REQUIRED ACTION. The answer consists solely of the lines running from the one with "Der Sprung vom" through the final line below, transcribed exactly and without any pictures.

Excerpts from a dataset

******

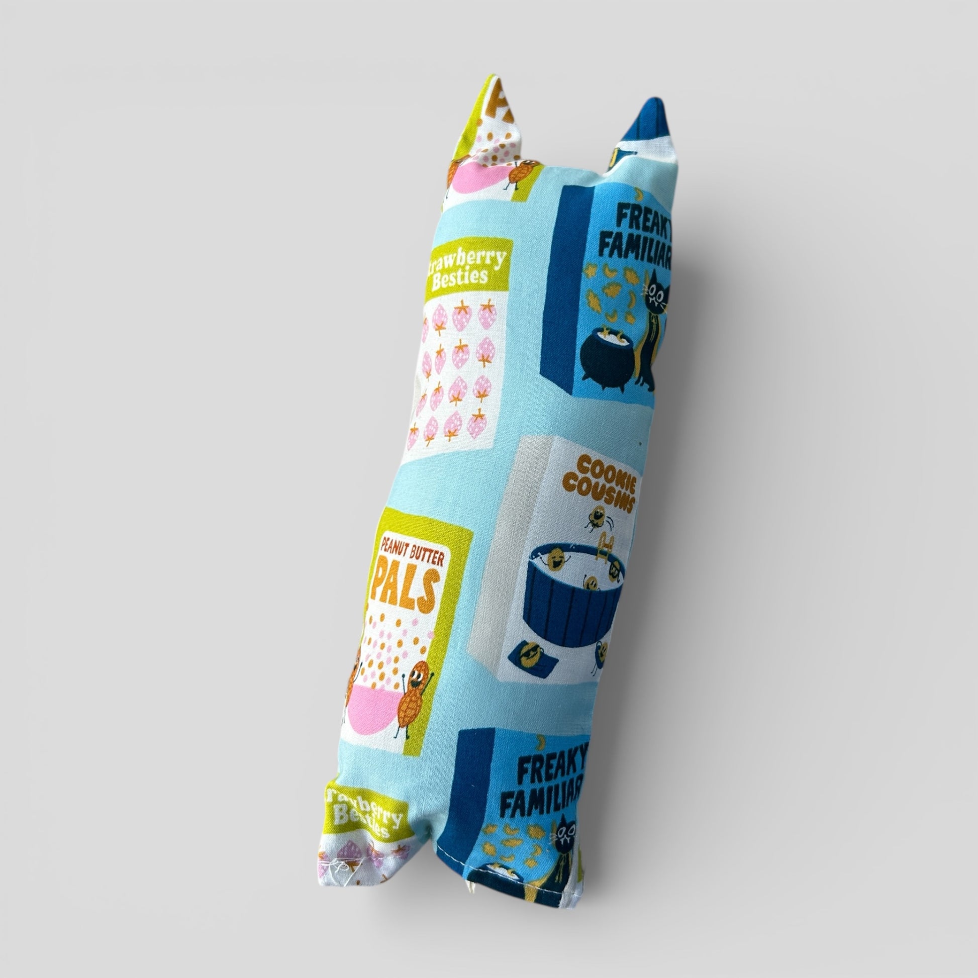Handmade jumbo cat ear kicker designed for endless feline fun. Crafted with care, this oversized toy features a modern, durable fabric body stuffed with potent catnip to entice even the laziest of cats, plus a built-in crinkle nose for irresistible rustling sounds that spark curiosity and play. Adorned with cute, perky ears for added charm, its jumbo size is perfect for kicking, wrestling, and cuddling. The sturdy construction ensures it withstands vigorous play, making it an irresistible, long-lasting treat for your cat. Handmade with love, this kicker toy brings big fun and a touch of whimsy to your kitty’s day.
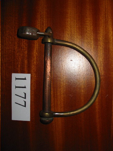 Peza semicircular, en ambos extremos ten dúas arandelas para seren atravesadas por un clavo. O extremo do clavo ten un candado para evitar que se abra.
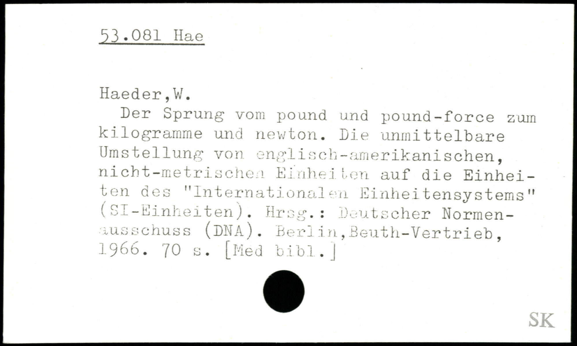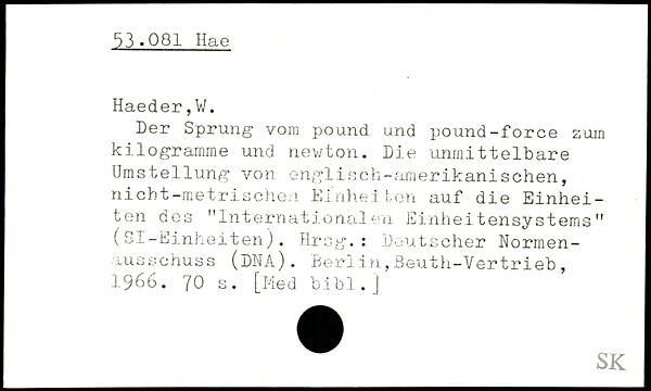Der Sprung vom pound und pound-force zum kilogramme und newton. Die unmittelbare Umstellung von englisch-amerikanischen, nicht-metrischen Einheilen auf die Einheiten des "Internationalen Einheitensystems" (SI-Einheiten). Hrsg.: Deutscher Normenausschuss (DNA).
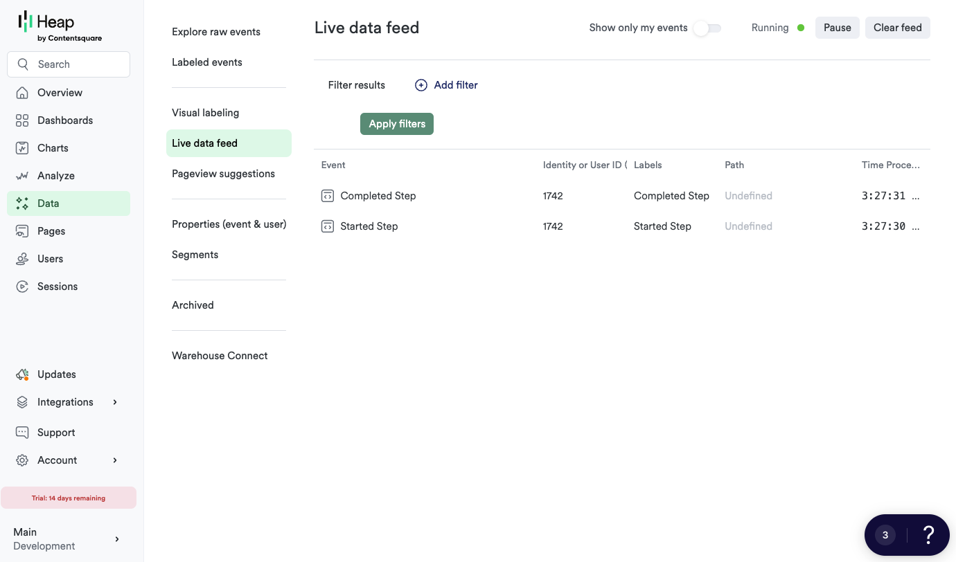 You should now see events from Frigade in your Heap dashboard. You can test the integration by completing a Flow and checking the Live data feed page in Heap:
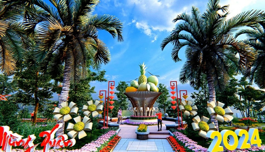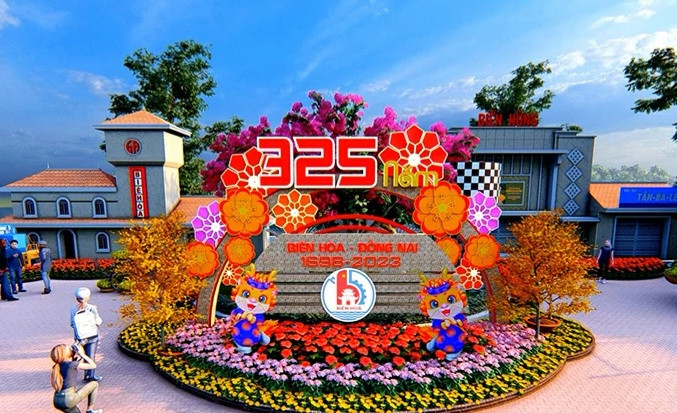 Theo đó, đường hoa có chiều dài gần 600 m được trang trí dọc theo công viên Nguyễn Văn Trị được trang trí với một cổng chào, 5 mô hình trung tâm và 14 tiểu cảnh theo 3 chương gồm các chủ đề đề Mừng Đảng, mừng Xuân Giáp Thìn 2024, Vườn cổ tích và 325 năm Biên Hòa – Đồng Nai.

******

TASK OUTPUT.
Der Sprung vom pound und pound-force zum kilogramme und newton. Die unmittelbare Umstellung von englisch-amerikanischen, nicht-metrischen Einheilen auf die Einheiten des "Internationalen Einheitensystems" (SI-Einheiten). Hrsg.: Deutscher Normenausschuss (DNA).
 You should now see events from Frigade in your Heap dashboard. You can test the integration by completing a Flow and checking the Live data feed page in Heap:
 Theo đó, đường hoa có chiều dài gần 600 m được trang trí dọc theo công viên Nguyễn Văn Trị được trang trí với một cổng chào, 5 mô hình trung tâm và 14 tiểu cảnh theo 3 chương gồm các chủ đề đề Mừng Đảng, mừng Xuân Giáp Thìn 2024, Vườn cổ tích và 325 năm Biên Hòa – Đồng Nai.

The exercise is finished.